I have a pretty straightforward array processing kernel for 3D finite difference calculations which randomly fails, returning an unspecified launch failure. But it only does it when the kernel isn’t compiled for debugging.

In a marathon test run I ran a couple of days ago, the test app I have been using to exercise it ran 20 times using the same input data each time without fault when built for debugging (8 straight hours and over 300,000 kernel launches), After recompiling the application without debugging symbols, it produced unspecified launch failures 10 times out of 20, never failing in the same place twice. There doesn’t seem to be any correlation between kernel execution parameters and problem size either. It will happily crash on runs with a single block and a few thousand array elements as it will with hundreds of blocks and millions of elements. And it will randomly crash while processing the same input data sets in a tight loop. When it doesn’t crash, the final results are correct.

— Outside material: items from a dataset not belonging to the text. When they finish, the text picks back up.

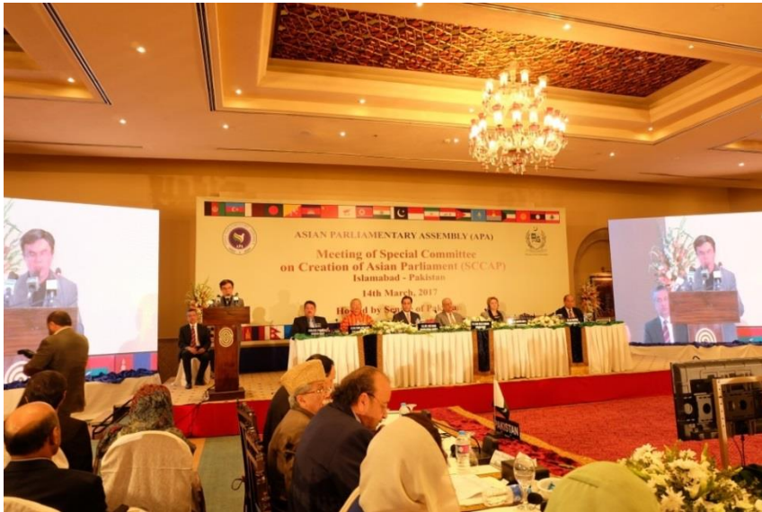
ช่วงพิธีเปิดการประชุม

ปากีสถานที่ได้ริเริ่มแนวคิดนี้อย่างจริงจังและขอเชิญชวนให้รัฐสภาสมาชิกได้มีส่วนร่วมเพื่อบรรลุเป้าหมายนี้ด้วย นอกจากนี้ เอเชียกำลังเผชิญกับความท้าทายต่าง ๆ โดยเฉพาะอย่างยิ่งคตินิยมที่รุนแรง ซึ่งเราควรตระหนักถึงความเห็นพ้องร่วมกันที่จะทำให้เกิดวิธีแก้ไขปัญหามากกว่าการดำเนินด้วยการยอมรับความหลากหลายทางวัฒนธรรม ซึ่งตนเชื่อมั่นว่าสมัชชารัฐสภาเอเชียสามารถส่งเสริมความเข้าใจในมุมมองที่กว้างขึ้นต่อประเด็นต่าง ๆ รวมถึงสร้างมาตรการที่เชื่อมั่น และการต่อต้านการก่อการร้าย คตินิยมที่รุนแรง และนิยกายนิยม โดยการประชุมครั้งนี้จะได้มีการอภิปรายถึงสาระสำคัญของรัฐสภาเอเชียและจะแบ่งหน้าที่ความรับผิดชอบของรัฐสภาสมาชิกออกเป็น ๕ กลุ่มอนุภูมิภาค รวมทั้งจะมีการอภิปรายเพื่อให้การรับรองร่างข้อมติ จำนวน ๘ ฉบับ ซึ่งหวังว่าการประชุมในครั้งนี้จะบรรลุผลสำเร็จโดยมีการนำเสนอแนวคิดที่ดีและมีการอภิปรายกันอย่างสร้างสรรค์
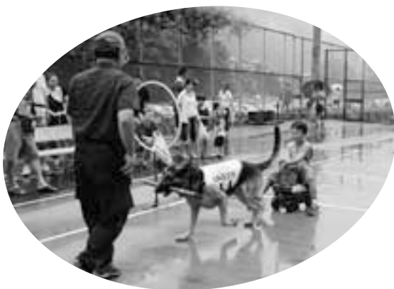
警察犬もがんばりました
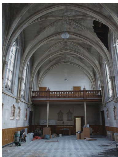
Chapelle, intérieur : nef, vue vers le mur ouest, plaques de consécration sous la tribune. IVR31_20106202975NUCA
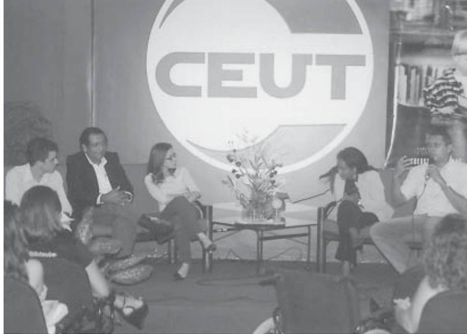
Representantes dos meios de comunicação local
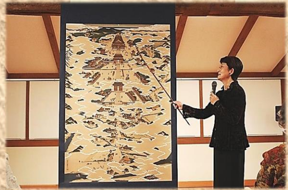
「善光寺参り絵解き図」
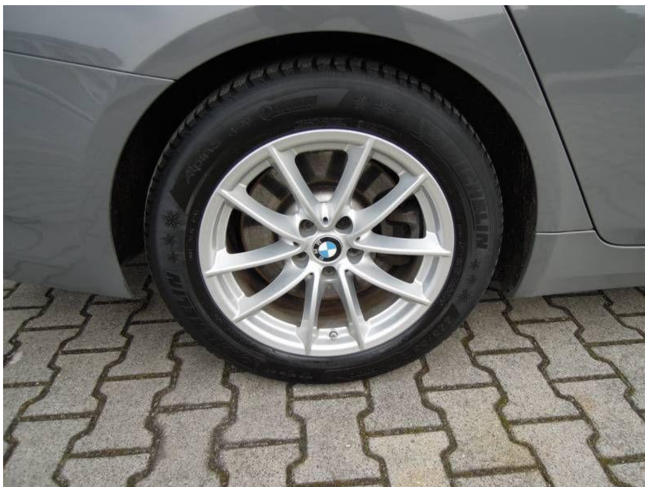
Fot. nr 62
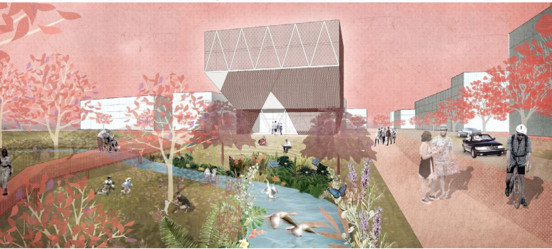
Ideenwerkstatt Neuer Stadtraum Bantlinstraße, Reutlingen/asp Architekten, Stuttgart; Markus Weismann spricht im Seminar REFLEXIONEN: Neue Leitbilder, 16.00 Uhr und im Plenum FAZIT: Gestaltungsaufgabe Zukunft, 17.45 Uhr
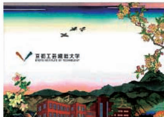
地下鉄松ヶ崎駅サインボード
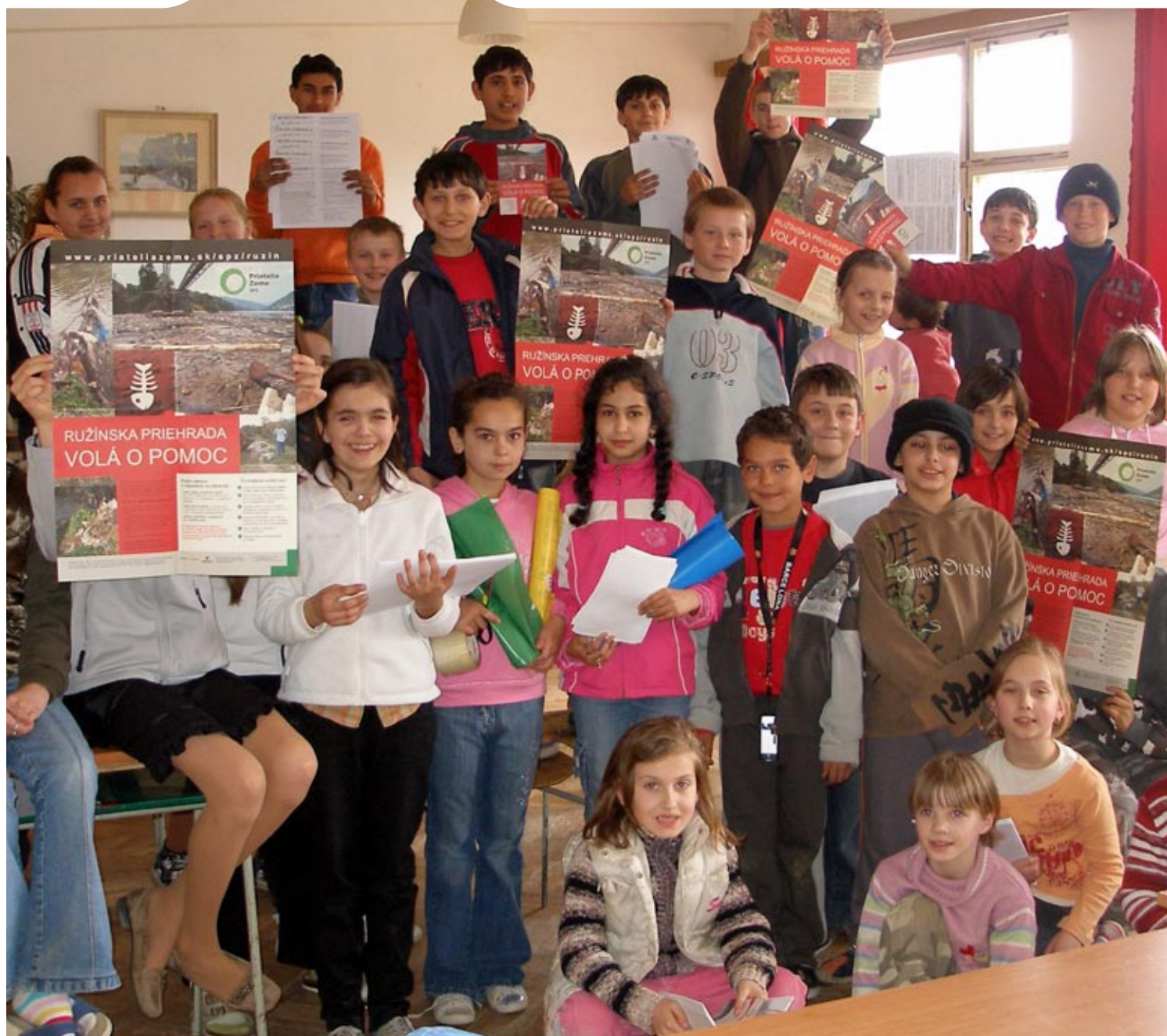
Žiaci z Helcmanoviec pomáhali pri osвете o znečistení Ružinskej priehrady

ekotipy: Urobte si doma recyklovaný papier
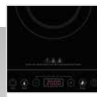
Adatto per pentole da 12cm a 26cm Pan diameter: min 12cm, max 26cm
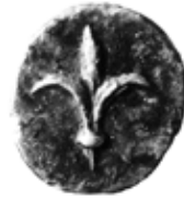
איור 11: שושן על מטבע יהוד
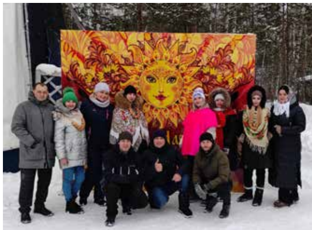
База «Литейщик» приняла сразу пять камазовских подразделений

24 февраля эстафету подхватил автомобильный завод. Работники с семьями отправились на базу отдыха «Иволга», чтобы проводить зиму и поприветствовать красавицу весну. Праздник получился вкусным — блинами здесь угощали всех под звонкие переливы гармонии, а ещё задорным и весёлым! На театральном представле-
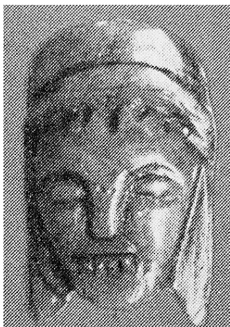
Фото 7. Архаическая головка Артемиды из святилища Артемиды Орфе́и в Спарте (материал – кость)

Таким образом, на основании указанных иконографических характеристик и приведенных историко-религиозных параллелей, рассматриваемую микенскую терракотовую головку с чертами Горгоны из Додоны можно считать изображением доисторического женского божества, связанного с грозными силами дикой природы и представлявшего устрашающий облик древней Великой Богини. Фигурка, которой принадлежала эта головка, могла быть либо вотивным приношением, сделанным в контексте культовой активности в Додоне в микенский период, либо предметом домашнего культа, предназначенным оберегать жилище, в котором она хранилась.
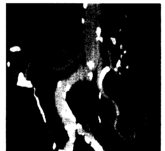
Generalisierte, obliterierende Aortensklerose.
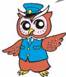
「ミマモロウ」 美深警察署 オリジナルキャラクター
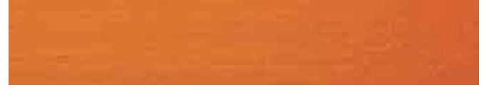
270-415 *orange ■ orange ■ orange naranja ■ arancio ■ appelsin
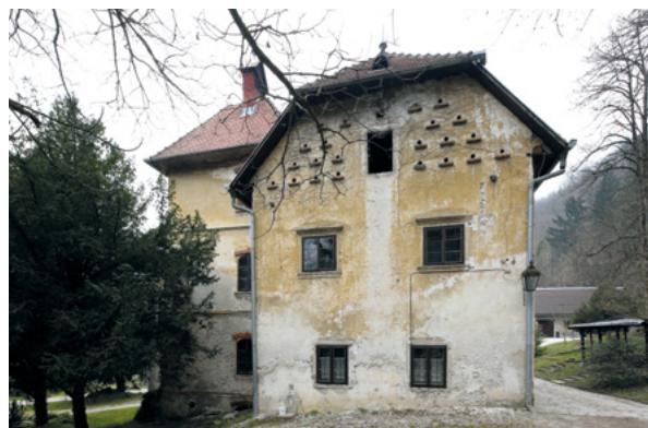
9. Bočno istočno pročelje, današnje stanje Side east façade, present condition
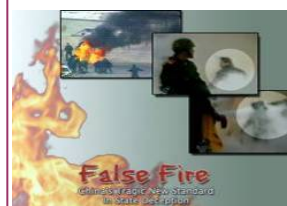
揭露自焚的影片《伪火》获第51届哥伦布国际电影节荣誉奖。
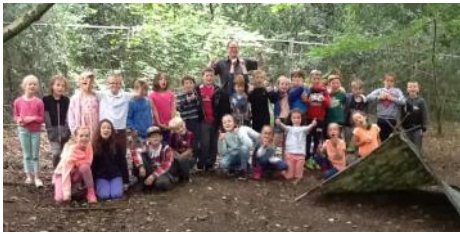
Gwobr Presenoldeb - Bushcraft

And failure is pretty catastrophic. If it runs on a card with an active display, it is usually hosed, and the driver reports hard errors in the kernel ring buffer like this:

[46389.480119] NVRM: Xid (0001:00): 13, 0003 00000000 000050c0 00000368 00000000 00000100

The behaviour is the same under both Cuda 2.2 and 2.3 on Linux (right now 64 bit Ubuntu 9.04 with 190.18 drivers). I have built the test application against ocelot and in emulation mode and run it with valgrind, and neither have ever detected any buffer overruns or memory errors in the kernel that fails. I am fast running out of ideas about where to look to solve this, given none of the debugging tools at my disposal (cuda-gdb, ocelot and valgrind) can detect anything erroneous. The kernel itself contains almost no conditional code paths, all data lives in device memory for the entire duration of the test program, and it does absolutely nothing exotic with memory or device pointers. The test app is single threaded and just uses the runtime API. I can post code if someone wants to take a look at it, but I am open to any suggestions about where to look or what to do to try and pin down where things are going wrong.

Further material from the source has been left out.